Mean, 90th percentile, and 95th percentile aspartame intakes for the NHANES survey years 2017–2020 presented by sex, age categories, race, income level, for pregnant women, and those on special diets are presented in Table 4. Estimates are for eaters-only, meaning survey participants that reported consuming a product containing aspartame on either of the two days of 24-hour recalls. Eaters-only population sizes and the percent eaters are reported for data derived directly from the BFD and for the imputed sales volumes. Highest intakes among consumers of aspartame are in the 60- to 69-years-old age group, non-Hispanic Whites, individuals on diabetic diets, and at higher income levels. Older individuals are more likely to consume aspartame with an increase in 10 years of age being associated with a 22.9% (β: 0.023, p < 0.001) increase in aspartame intake. Differences in aspartame intake by PIR were not significant across the whole population (both eaters-only and non-eaters) (β: 0.068, p = 0.14). Adjusted aspartame intakes were 91.6% higher in non-Hispanic Whites (β: 0.65, p = 0.00), and 74.8% lower in non-Hispanic Asian (β: −1.38, p = 0.001) and 50.3% lower in non-Hispanic Black (β: −0.70, p < 0.001) populations compared to other racial groups. Aspartame intake is slightly higher in females than males though the difference is not statistically significant (β: 0.056, p = 0.74). There were no significant differences in intake comparing pregnant women to all reproductive age women, nor was there a difference between intake in reproductive age women and the rest of the population. Finally, individuals reporting adherence to weight loss (β: 0.54, p = 0.042) and diabetic diets (β: 1.95, p = 0.005) had significantly higher intakes (corresponding to 71.6% and 603% increases, respectively) than the rest of the population whereas individuals on sugar free/low sugar diets (β: 1.04, p = 0.46) did not consume substantially higher amounts of aspartame than those not on a low sugar diet. Excluding intake values above the 99th percentile did not substantively change results. Regression analyses utilized the imputed dataset and did not differ in a meaningful way from regression coefficients or p-values estimated with the BFD values.

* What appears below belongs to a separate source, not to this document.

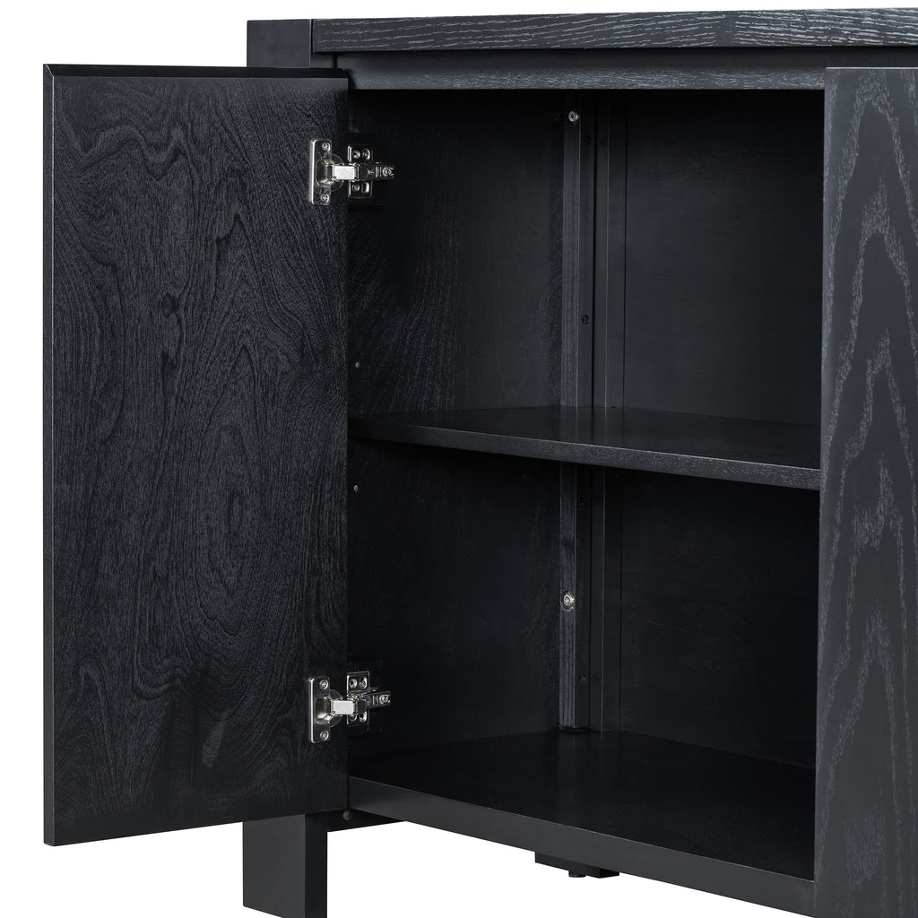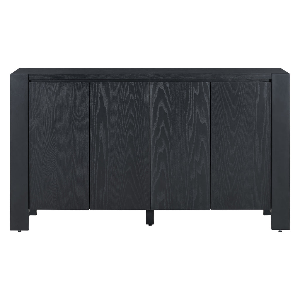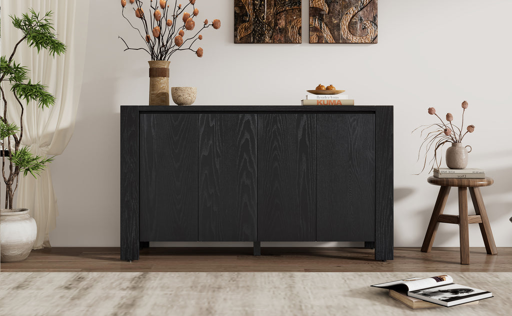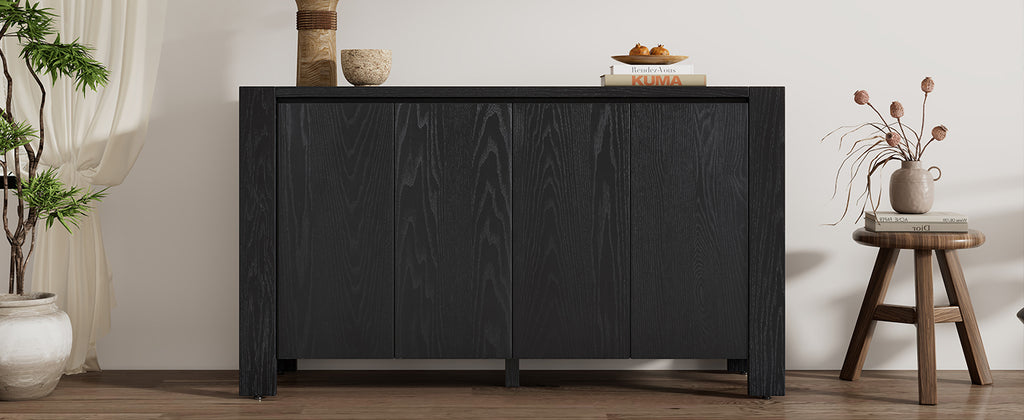 This sideboard buffet cabinet features a symmetrical four-door design, showcasing clean lines. The surface finish of this wood sideboard is a highlight, combining oak veneer with a distressed finish to emphasize the warm, natural texture of wood. Available in three colors—natural, black, and navy—this buffet cabinet with storage adds a touch of rustic elegance to any room.

Aspartame consumption was most common among individuals 30- to 39-years old (69.5%), Mexican Americans (66.3%), people adhering to a special diabetic diet (71.7%), and at the middle income levels (64.2%). Trends are consistent across the data generated from the BFD and imputed values. Imputed intake values are slightly lower than those computed only from the BFD while prevalences are slightly higher. The higher prevalence from the imputed matches is due to the capture of UPCs with some market share in the same food code category as BFD UPCs that had zero sales for the time period. Individuals who reported eating the food would therefore move into the eaters-only category under the imputed method. All values are below established ADIs (whole population mean: 0.40 mg/kg/day, 95th percentile: 2.2 mg/kg/day) and are lower than all previous estimates (Table 1). However, compared to previous estimates, it appears aspartame exposure prevalence is higher, with pregnant women reporting consumption in proportions (61.6%) similar to the rest of the population (62.6%) albeit in smaller quantities (mean: 0.25 mg/kg/day, 95th percentile: 1.01 mg/kg/day).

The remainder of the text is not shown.